When you reformat JSON in FixTools, the tool first parses the entire input into a JavaScript data structure using JSON.parse(). This step discards all existing whitespace because the parser treats it as insignificant. The data structure is then re-serialised from scratch using JSON.stringify() with your chosen indent setting. This means all existing indentation, extra blank lines, inconsistent spacing, and mismatched indent sizes in the input are completely replaced with uniform fresh indentation in the output.
Prettier reads .editorconfig as one input but its own .prettierrc takes precedence when both are present. If your .editorconfig says indent_size = 4 but a .prettierrc declares "tabWidth": 2, Prettier uses 2. Many teams hit this when adopting Prettier on top of an existing .editorconfig configuration without realising the override. The fix is to align the two files: set tabWidth and useTabs in .prettierrc to match the indent_size and indent_style in .editorconfig, or delete the conflicting setting from one of them. Run prettier --check on a sample file to confirm the result. CI failures from indentation drift almost always trace back to this precedence mismatch.
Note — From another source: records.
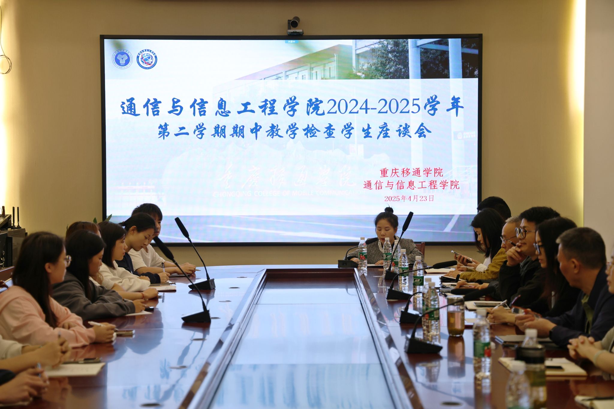 为深化教学改革、强化管理效能,全面提升人才培养质量,营造严谨治学、积极向上的教学氛围,2025年4月23日,通信与信息工程学院在行政楼107会议室召开2024-2025学年第二学期期中教学检查学生座谈会。本次会议聚焦学院学风建设与"四位一体双院制"育人模式,通过师生面对面交流,广泛征集学生意见建议,为优化教学管理、营造优良学风、推动教育高质量发展精准锚定方向。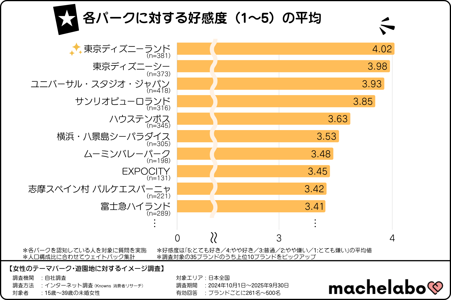 これまで様々なテーマで各パークの個性に注目してきましたが、最後に総合的な「好感度」を見ていきましょう。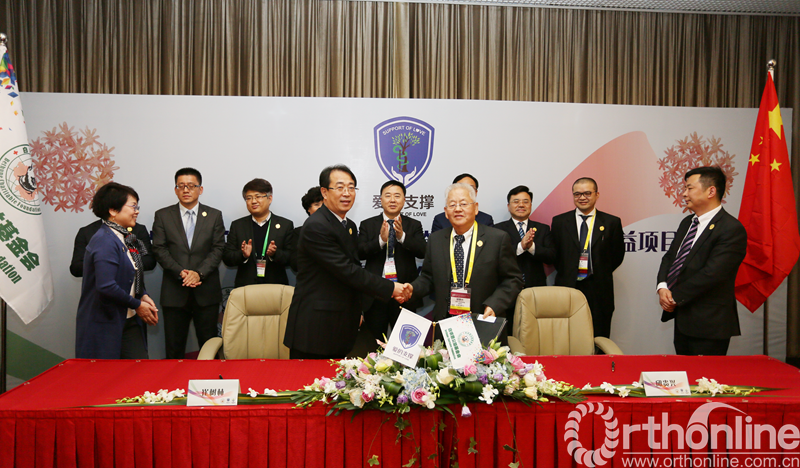 11月18日下午,在国家会议中心COA2016大会现场,白求恩公益基金会理事长、中国工程院院士、北京协和医院邱贵兴教授与山东康盛医疗器械有限公司崔树林董事长共同在“爱的支撑”-白求恩·康盛脊柱畸形矫正爱心捐助协议上签字,标志着这个将历时三年的爱心公益项目正式启动。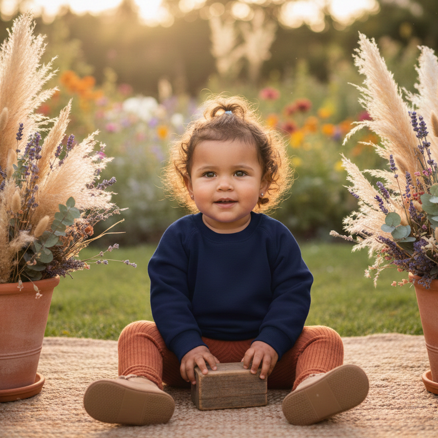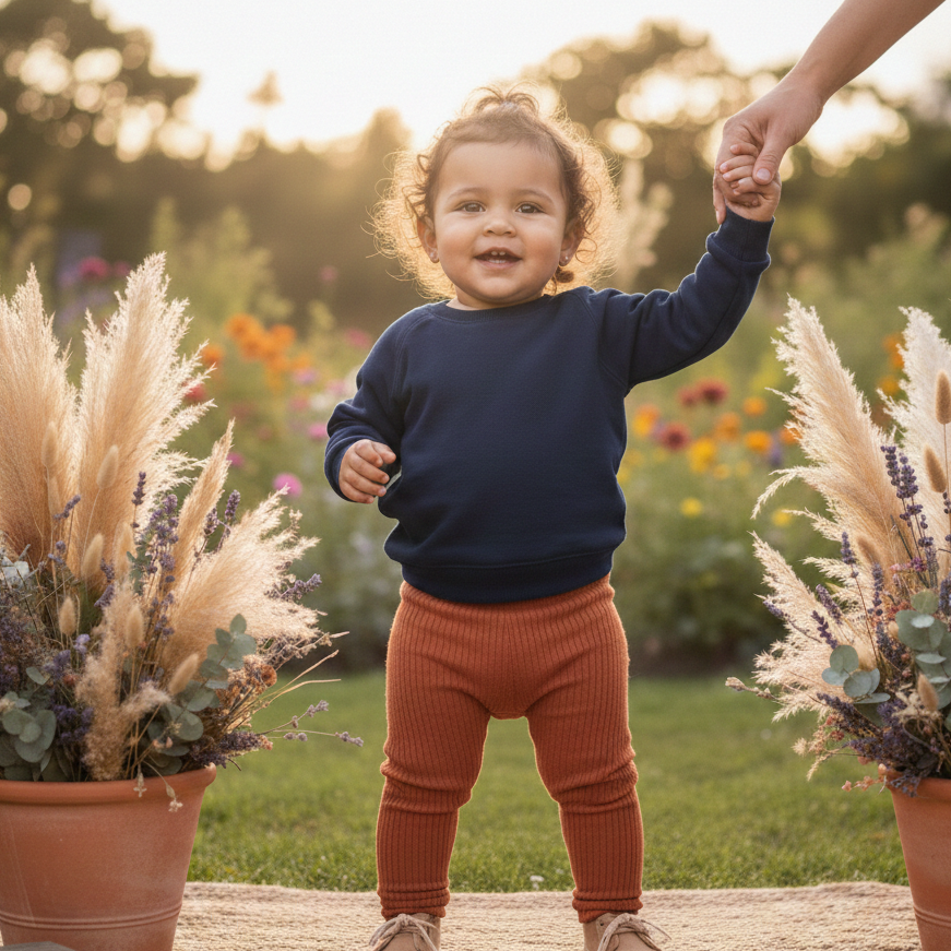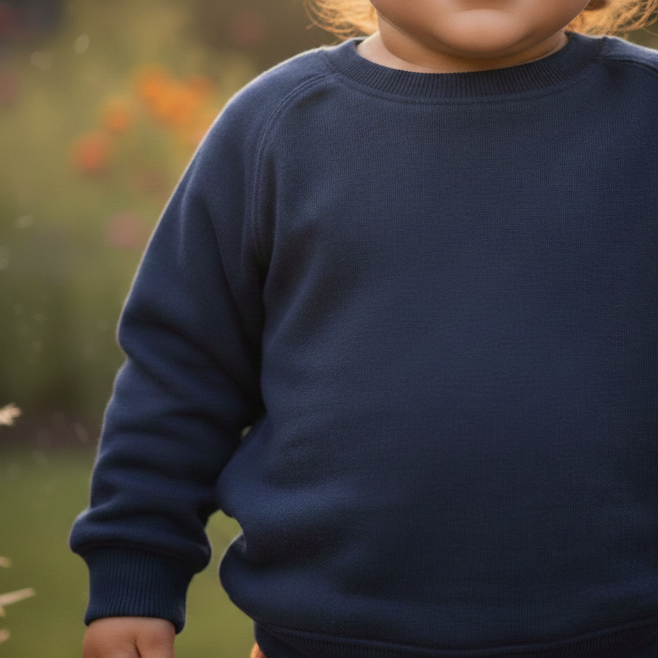 Este moletinho unissex na cor marinho é uma peça curinga para o guarda-roupa dos pequenos — minimalista, macio e com o toque acolhedor que só um moletom bem-feito pode oferecer.

Indent size has a measurable but small effect on file size. A typical 100KB minified JSON config grows to roughly 140KB at 2 spaces and 180KB at 4 spaces because every nesting level adds bytes. For Git, the larger files mean slightly larger pack sizes and slightly slower diffs, but the readability gain almost always outweighs the cost. For runtime parsing, indent has no effect because parsers skip whitespace at the lexer stage. For network transmission, prefer minification combined with gzip or brotli which compress repeated whitespace to nearly nothing. The practical rule is: indent for humans reading the file, minify for machines parsing it at scale, and never commit minified config files.
Always commit indented JSON to version control. Minified JSON makes pull request diffs unreadable because every change touches the same single long line, and reviewers cannot tell what data actually changed. Indented JSON gives meaningful line-level diffs where each changed value sits on its own line and the surrounding context is clear. For generated minified JSON used in production builds, treat the minified file as a build artifact produced during deployment, not as a checked-in file. If the minified form must be committed for some downstream tool, also commit the indented source and add a build step that generates the minified version, with the relationship documented in the project README so future maintainers understand which file is the canonical source.